The worst was the fact that the entire class did not take him seriously. There was laughter the entire time he spoke. No one was paying attention. It seemed a big joke.

I was angry, despondent, and wondered what to do. Later that night, I received a message from this student, asking if his presentation was "bad." I told him I would be in my office the next day in the afternoon if he wanted to speak about it.

He came to my office. It was nearly 24 hours later. I was still unsure what to do. Did he just blow off the presentation? Did he not care?

I asked outright if he had blown off the assignment. He admitted that he had not prepared enough.  I also asked if he meant to make it a stand-up comedy routine, getting laughs from his classmates in order to deflect from the fact that he wasn't prepared.

And that is where it got interesting.

As we talked, it was clear that this student, a transfer student from a majority minority student environment, was finding it a bit difficult to navigate our mostly white campus. Humor had become one of his coping mechanisms. But he assured me that while he does include humor at times, he did not intend for the entire class to continue to laugh for the entirety of his presentation.

Then and there I decided to ask him to give the presentation again. To me alone. To make him learn what he did wrong and to be sure he learned from his mistake.

He was surprised, but he agreed. We went into an open classroom and he started. I pointed out that his back was to me. He wasn't engaging me. He was fidgeting. He needed to project his voice. He has a very deep voice, and often tries to mute it to fit in. But I told him for a presentation, he should let it fly and command the room. He did.

He then told me he was grateful for these tips because he had to give a presentation the next day in a class that is in his major as the final (finale?) for that course. I told him to think about what I said: don't fidget; face the audience; no text loading on a slide!

I checked in with him the next day, after I knew the final for his course had ended.

"How did it go today?", I asked.

He said the professor commended him on his presentation and wants him to return to her classroom next semester, to give the presentation again and to help other students think through the assignment, which was the creation of a video.
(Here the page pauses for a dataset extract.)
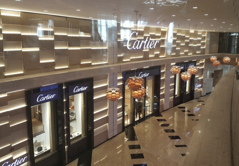 Gli interni sono decisamente moderni e raffinati al tempo stesso e vi sono negozi di lusso delle marche più prestigiose come Cartier,Gucci,Fendi,Luis Vitton... dove è inserita la Galleria N2N nel Podium 2 sede del nostro evento, nel pieno centro di Abu Dabhi la capitale degli Emirati Arabi Uniti dove il lusso è d'obbligo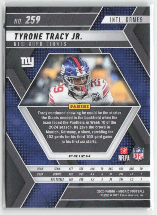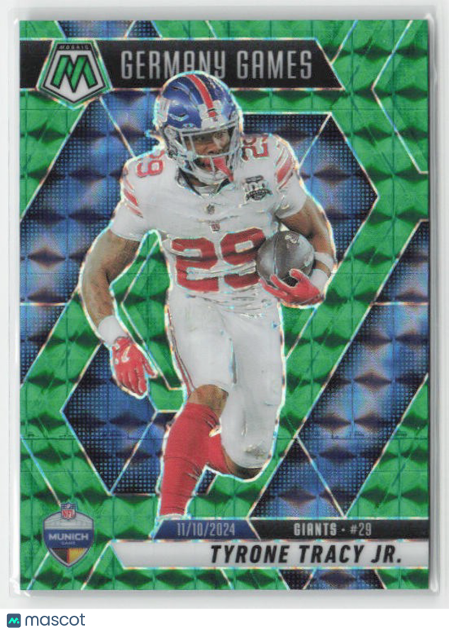 You are purchasing a 2025 Panini Mosaic Tyrone Tracy Jr. #259 Mosaic Green. You will receive the exact item in the photographs. Thank you for looking.

I could have stayed mad. I could have vented on social media. I'd like to think that instead, I taught this student a bit about how to present in a formal situation. Could it be that a transfer sophomore in college really had never been taught formal presentation skills?

I don't know.

But I kept thinking: isn't that what we're here for? Am I only supposed to teach art history? Isn't a small, liberal arts school, like the one where I currently teach, a place where we lift up students even when they fall down and, some could even say, screw up?

He did screw up. And he didn't get a great grade for the presentation.

But he learned how to do one. Better than he did for my class. And somehow I think - isn't that the point?

"Finale" to Spring semester 2017, indeed.